> do you mean full PCM or just some multi-bit for the DAC ?
There's no (easy) way to do volume attenuation in DSD or multi-bit. So DSD has to be converted to PCM in the first place.
> is there any difference of going from full PCM to some multi-bits (not sure if this is true) and going from 1-bit DSD to multi-bits ?
answered above. unless you use dsd direct (no volume adjustment), all DSD has to be converted to PCM first. Then magic (oversampling/sigma-delta) happens after that. Refer to chips datasheet.
>So my point was if it is possible to do this oversampling externally and make the DAC work without oversampling filters.
you can choose nos filter but it's not available at higher sample rates. See manual "At sample rates higher than 192 kHz DA Filter selection is no longer available.
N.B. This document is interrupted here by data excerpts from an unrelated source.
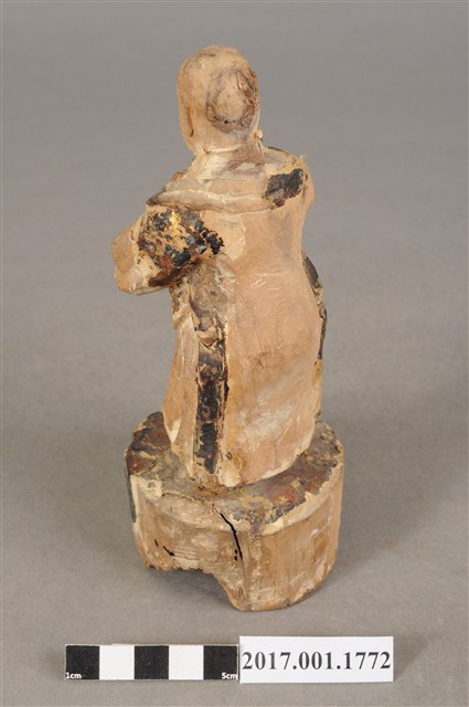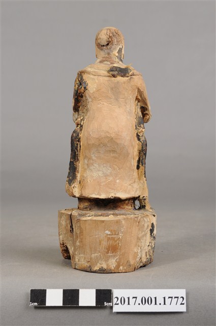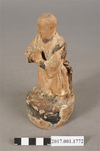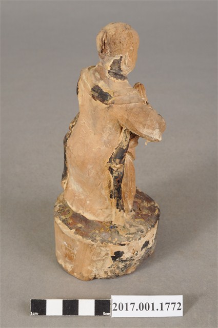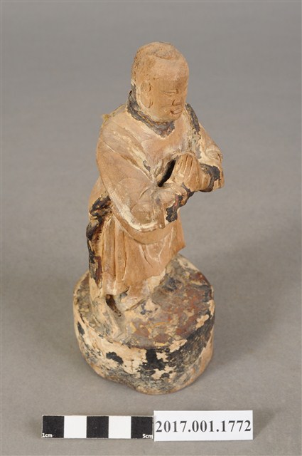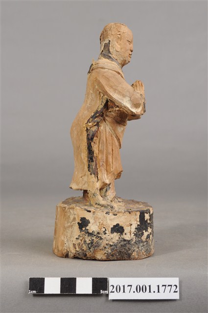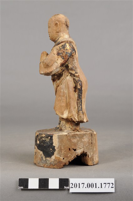 1.本件木雕善財童子像作立姿,表面大部分脫落,僅殘留衣袍、臺座青黑色,臺座底部一道V字形蛀蝕缺口與孔。善財童子作孩童臉,臉型修長,雙眼平視,頭頂梳單瓣垂髫,身著窄袖過膝圓領袍服、長褲,雙手合十於胸前,作朝拜狀,腰間繫有腰帶。雙足並立,著黑靴,站立於圓臺上。
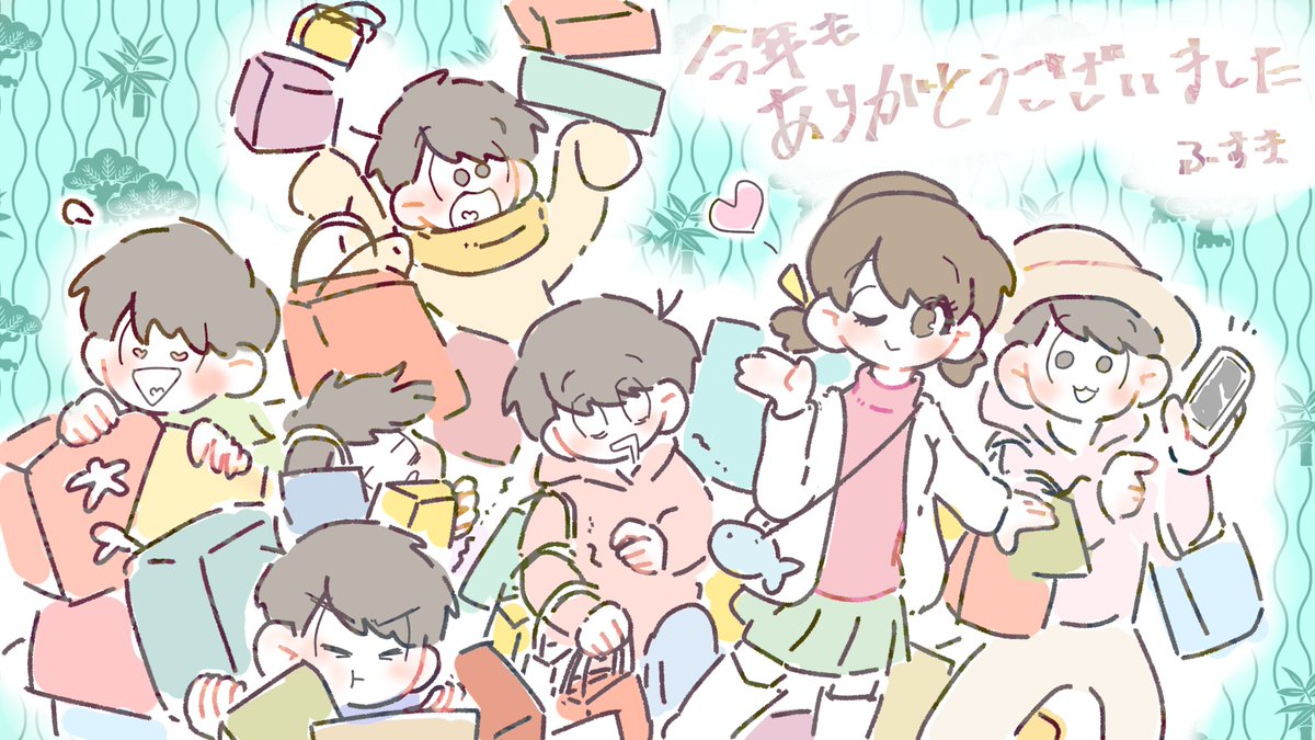 14 89 描き納め!! トト子ちゃんのお買い物に付き合う六つ子達 来年も何卒よろしくお願い致します🙌 22/12/31 22:38
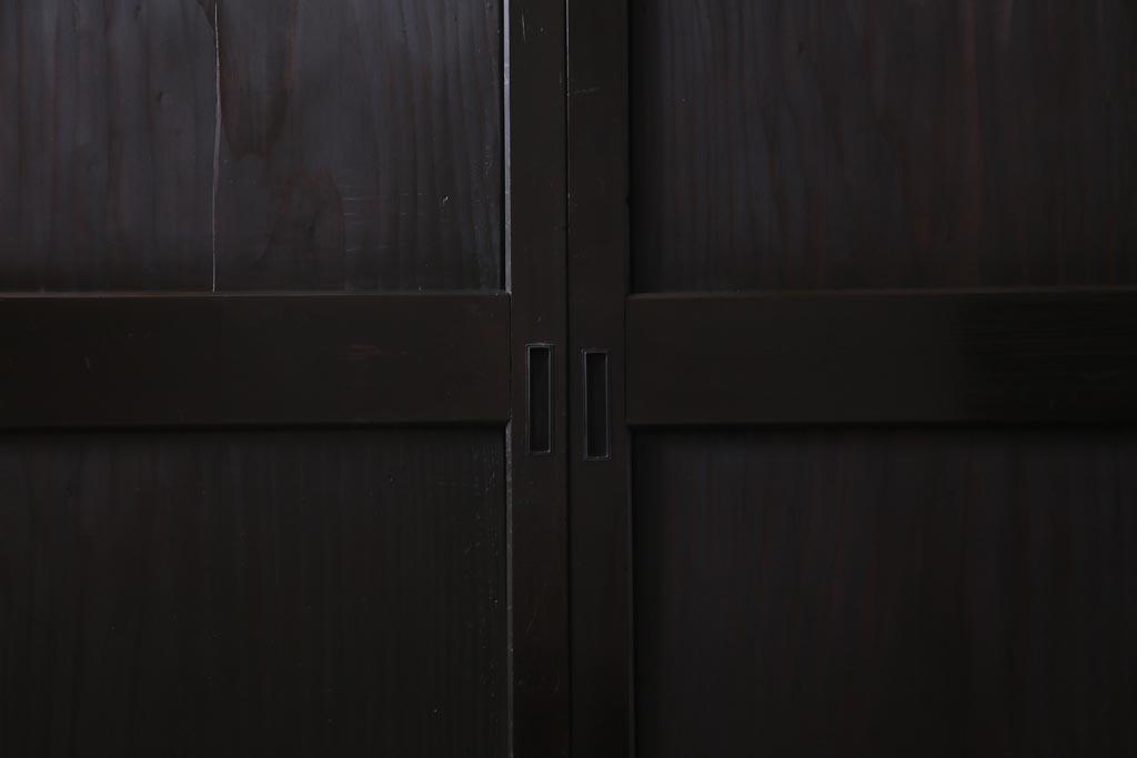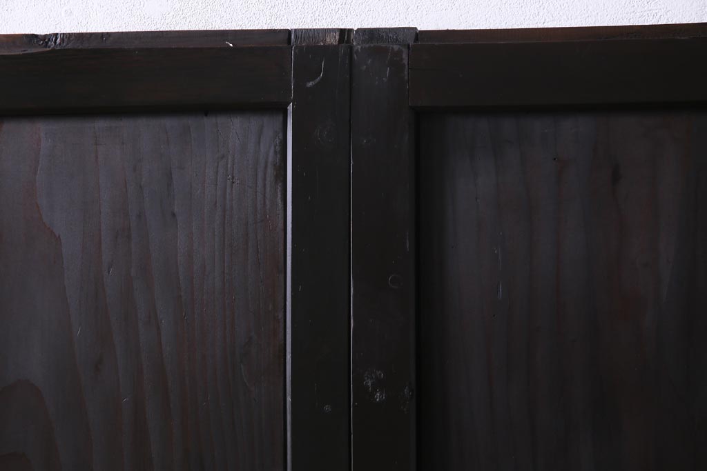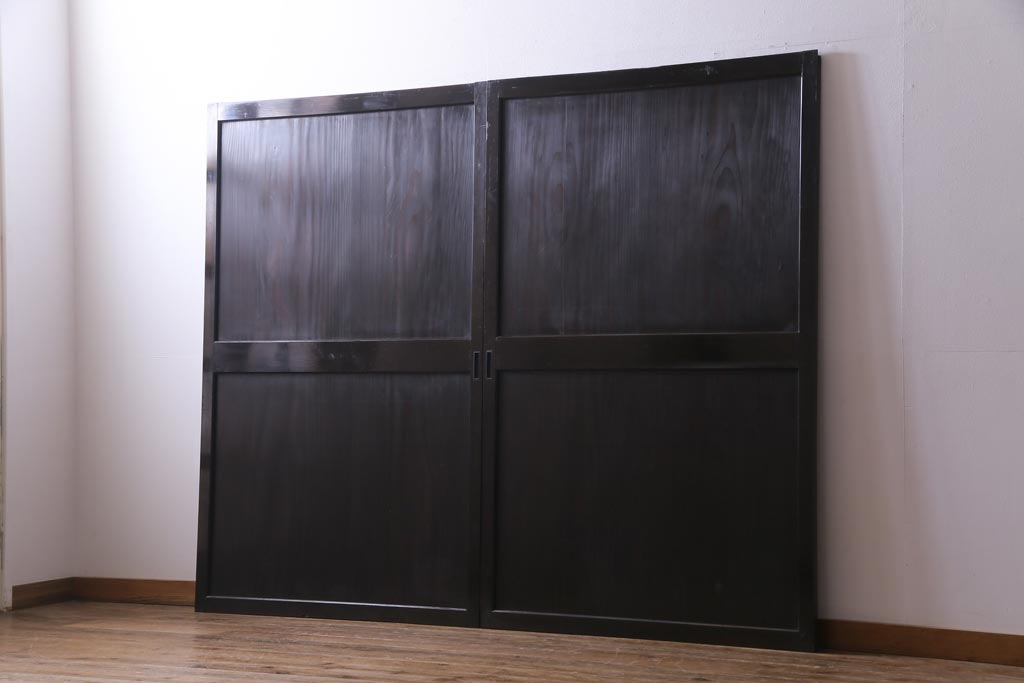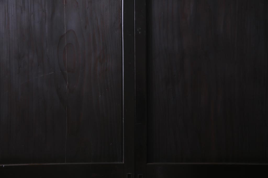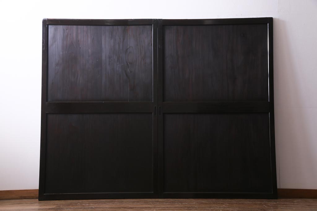 明治期 杉材 漆塗り 幅広サイズで存在感抜群の帯戸2枚セット(板戸、引き戸、建具)(R-035765)
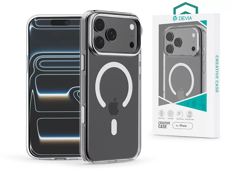Devia Crystal Series Magnetic 360° kameravédős ütésálló tok - Apple iPhone 17 Pro Max - átlátszó
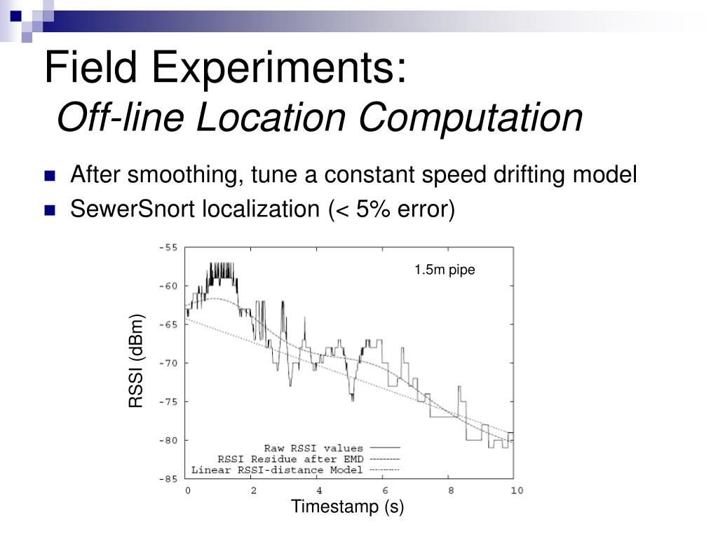 1.5m pipe RSSI (dBm) Timestamp (s) Field Experiments: Off-line Location Computation • After smoothing, tune a constant speed drifting model • SewerSnort localization (< 5% error)
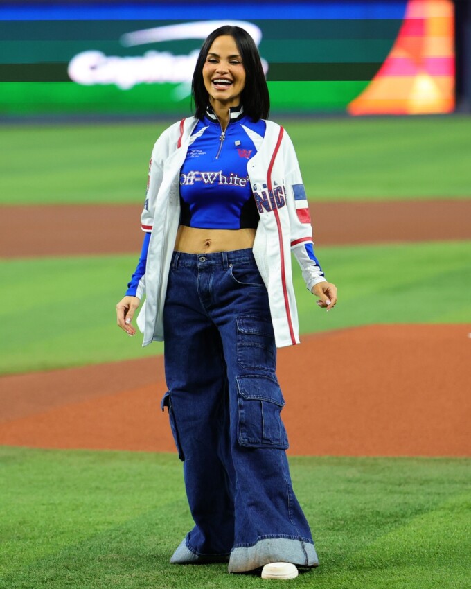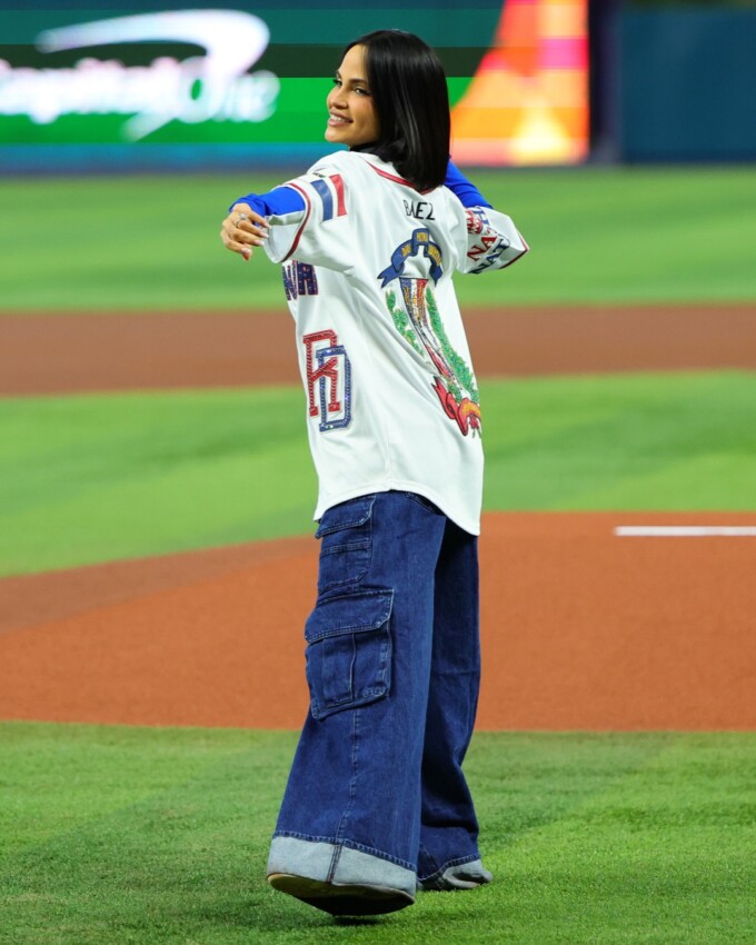 Con Vladimir Guerrero Jr. como cátcher, Natalia Alexandra Gutiérrez Batista, nombre real de la artista, se presentó luciendo una chaqueta con símbolos y colores representativos de su país, en el partido disputado en el LoanDepot Park, en Miami, Florida.
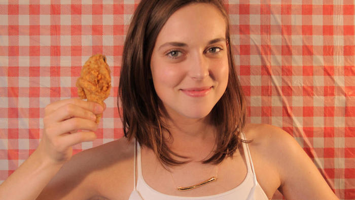 因为肯塔基州最出名产物是肯德基,Hiler就给肯德基炸鸡的骨头镀金,做成项链首饰,该创意曾被不少全国知名媒体的报道。
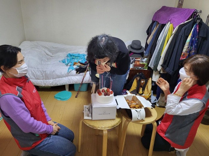 생신축하사업 ‘행복한 Day’는 2022년부터 대화동지역사회보장협의체 위원들이 관내 취약계층의 집을 방문하여 케이크를 전달하며 생신을 축하해드리는 사업이다.
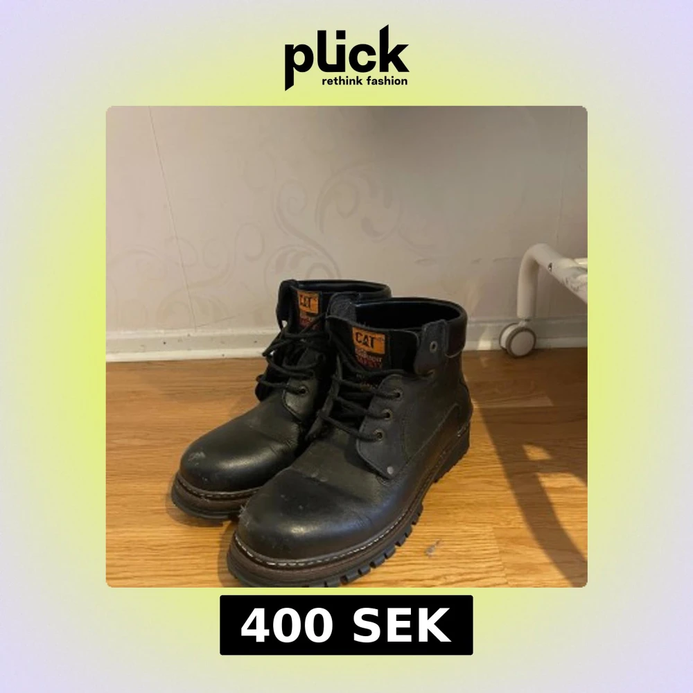 Tuffa svarta boots från CAT med grov sula och snörning. Skorna är tillverkade i slitstarkt skinn och har märkets logga i gult på baksidan och plösen. Perfekta för dig som gillar robust stil och vill ha något som sticker ut.
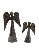 Two beautifully designed angels crafted from recycled oil drums. Artisans cut, hammer, and chisel each piece of metal by hand; making a beautiful treasure out of trash. These angels will look great on your mantle and make the perfect gift for your loved ones. They will especially love the story of redemption that these pieces tell.
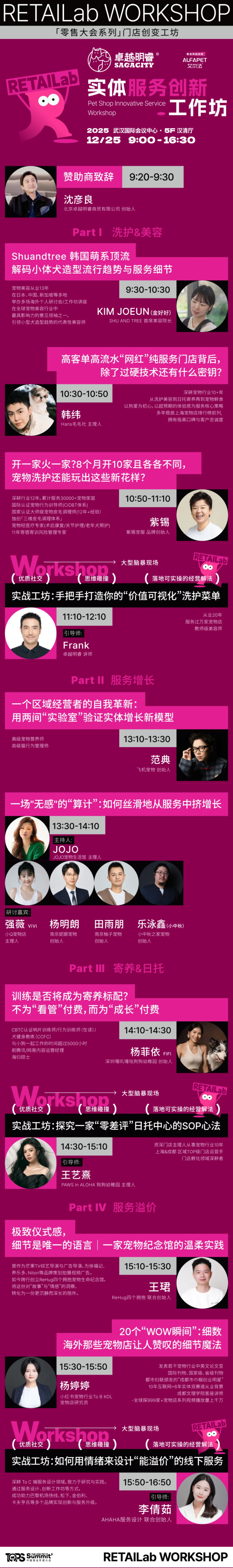 本论坛首创的"实战工作坊"环节,打破传统的单向聆听模式,开启真正的深度互动与智慧共创。为此,我们特别邀请到多位来自全国不同城市、在宠物服务细分领域已取得卓越成果的顶尖门店主理人,出任各小组的"明星组长"。他们不仅是成功的经营者,更是洞察需求、破解难题的实战家,你将不再是"听课",而是与优秀实践者的"并肩作战",相信在思想碰撞中,可以找到你想要的答案。
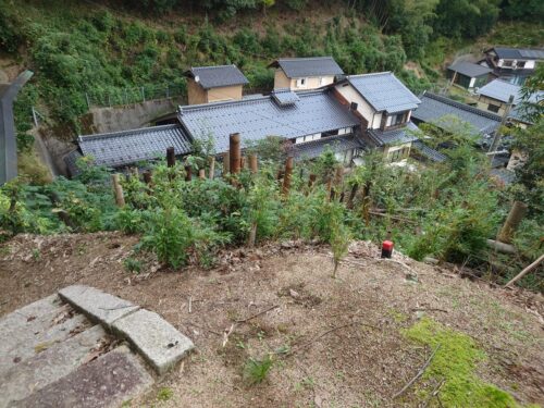 小高い山の上にある墓地から眺めた民家。こんな高い場所まで石の階段があるのが、凄い。(兵庫県豊岡市にて)
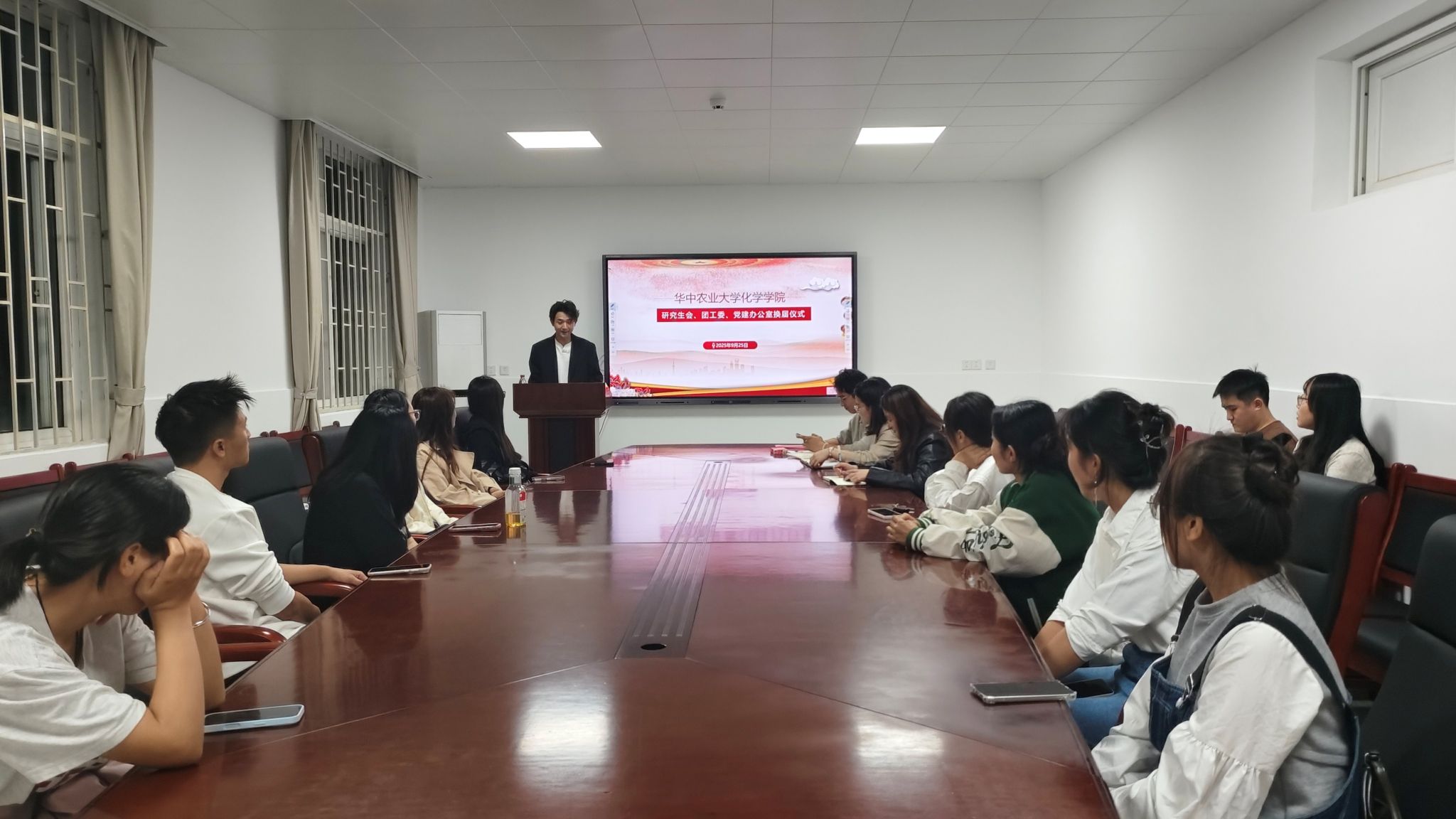 (通讯员:何秋燕)9月25日晚,英国上市3652025-2026届党团学骨干聘任仪式在化学楼A106报告厅举行。研究生辅导员马明钰和新一届党团学全体骨干参加会议,共同见证学生工作承前启后的重要节点,会议由周振东同学主持。

The DAC then uses a fixed Slow filter." Also, disabling the dac filter (NOS) and doing it on your computer will not give you better result ---- DAC's own oversampling can do it at a much higher rate (256x for AKM4493, for instance) and achieve better result, while your computer will struggle upsampling at such high rate.
> Also I missed the page in the manual for DSP limitations (just received the DAC yesterday), thanks for that. So for this discussion I can say externally upsampled up to 384kHz when I want to use something from the DSP.
MC confirmed in another thread that the RME TotalMix FX technology will upsample your signal internally. So both DSP and DAC chip will do the upsampling work for you.
If you upsample it to 384khz and send it to the dac, the dac will then apply another filter to upsample it anyway, as mentioned above.